:: Activity ::
Only certain lines below are wanted: those starting at the line containing "ドライバー日報詳細画面が表示" and ending at the line containing "Zaži dokonalý letný", both included, each retyped exactly.

Segment Start: Data supplied

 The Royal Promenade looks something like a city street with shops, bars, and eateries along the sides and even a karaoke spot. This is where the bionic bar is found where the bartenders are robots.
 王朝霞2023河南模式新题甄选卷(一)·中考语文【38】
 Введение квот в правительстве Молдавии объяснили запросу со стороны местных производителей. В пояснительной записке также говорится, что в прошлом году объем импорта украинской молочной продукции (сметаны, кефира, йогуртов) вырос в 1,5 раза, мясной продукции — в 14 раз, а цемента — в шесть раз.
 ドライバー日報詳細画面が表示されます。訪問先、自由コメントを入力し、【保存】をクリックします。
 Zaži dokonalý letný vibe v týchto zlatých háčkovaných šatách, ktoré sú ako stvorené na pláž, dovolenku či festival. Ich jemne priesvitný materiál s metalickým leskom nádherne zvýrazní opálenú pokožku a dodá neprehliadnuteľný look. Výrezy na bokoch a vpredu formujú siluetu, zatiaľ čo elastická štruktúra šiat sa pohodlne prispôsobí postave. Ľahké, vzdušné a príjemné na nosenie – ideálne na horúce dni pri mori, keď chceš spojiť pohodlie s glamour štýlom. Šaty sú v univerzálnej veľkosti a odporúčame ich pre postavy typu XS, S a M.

Segment End: Data supplied
Segment Start: Data supplied

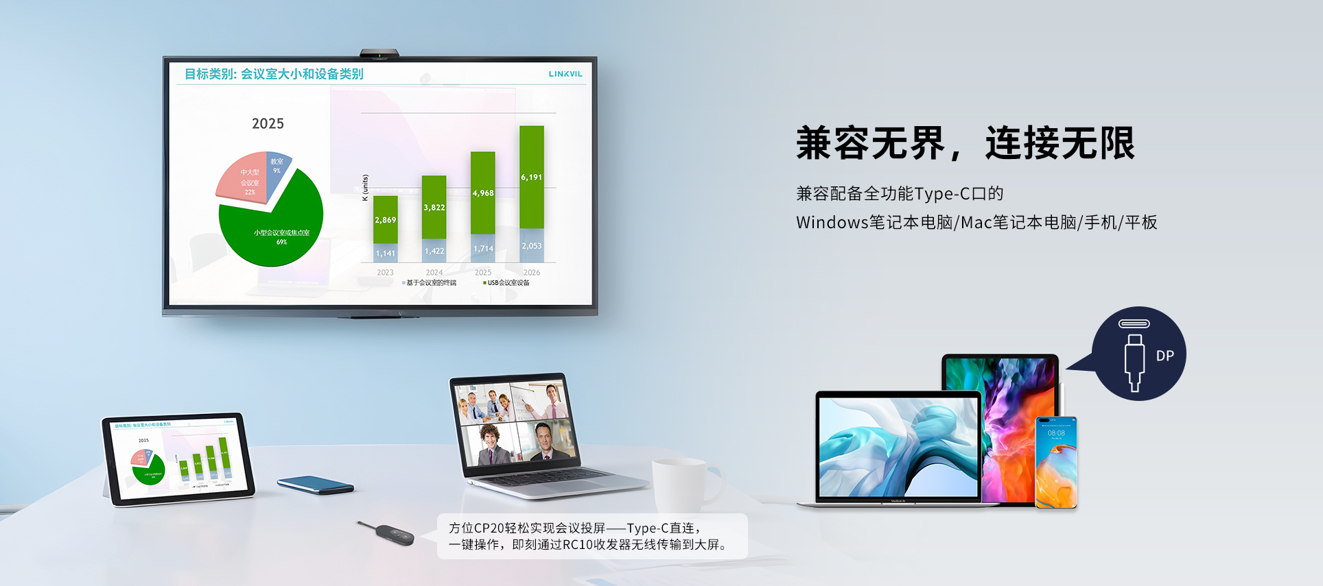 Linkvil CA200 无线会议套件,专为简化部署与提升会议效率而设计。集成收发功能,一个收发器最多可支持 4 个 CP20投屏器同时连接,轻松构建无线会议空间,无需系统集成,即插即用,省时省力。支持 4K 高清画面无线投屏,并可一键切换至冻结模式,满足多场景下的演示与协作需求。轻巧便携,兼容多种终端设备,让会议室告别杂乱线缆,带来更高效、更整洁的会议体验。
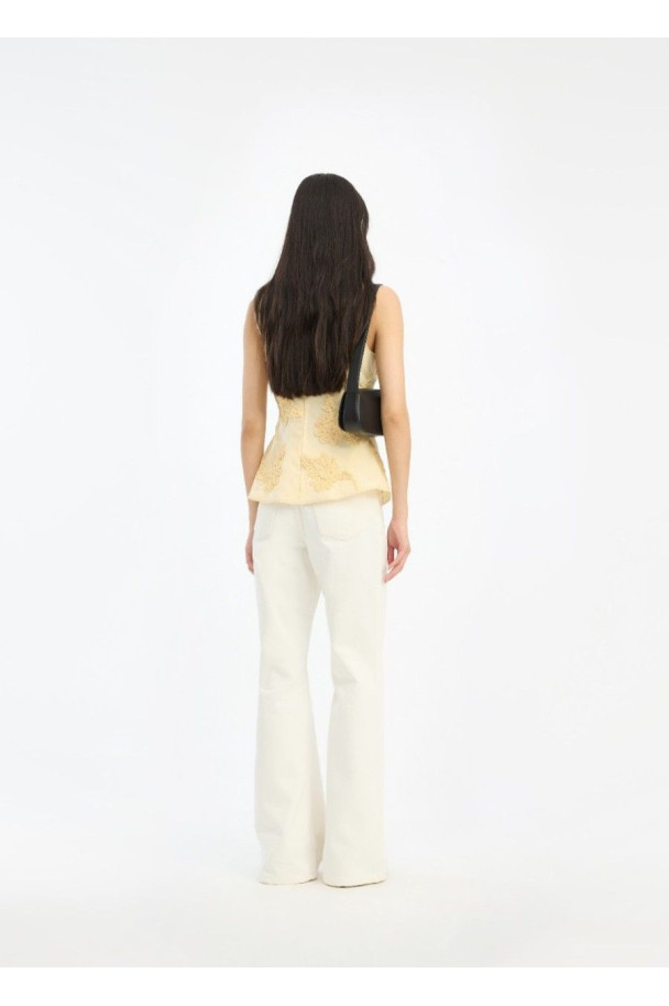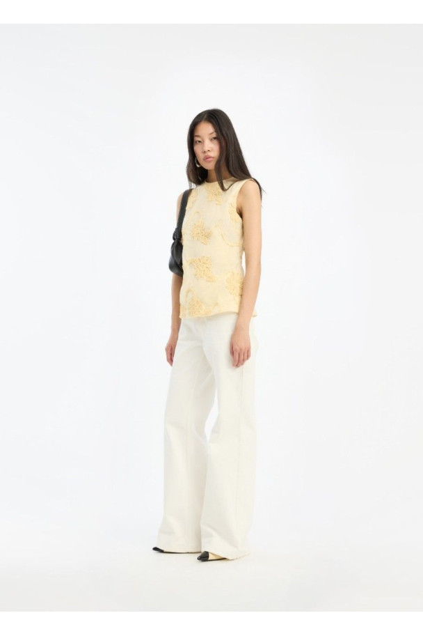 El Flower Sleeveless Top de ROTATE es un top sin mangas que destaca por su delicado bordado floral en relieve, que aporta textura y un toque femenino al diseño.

Segment End: Data supplied

:: The answer ::
 ドライバー日報詳細画面が表示されます。訪問先、自由コメントを入力し、【保存】をクリックします。
 Zaži dokonalý letný vibe v týchto zlatých háčkovaných šatách, ktoré sú ako stvorené na pláž, dovolenku či festival. Ich jemne priesvitný materiál s metalickým leskom nádherne zvýrazní opálenú pokožku a dodá neprehliadnuteľný look. Výrezy na bokoch a vpredu formujú siluetu, zatiaľ čo elastická štruktúra šiat sa pohodlne prispôsobí postave. Ľahké, vzdušné a príjemné na nosenie – ideálne na horúce dni pri mori, keď chceš spojiť pohodlie s glamour štýlom. Šaty sú v univerzálnej veľkosti a odporúčame ich pre postavy typu XS, S a M.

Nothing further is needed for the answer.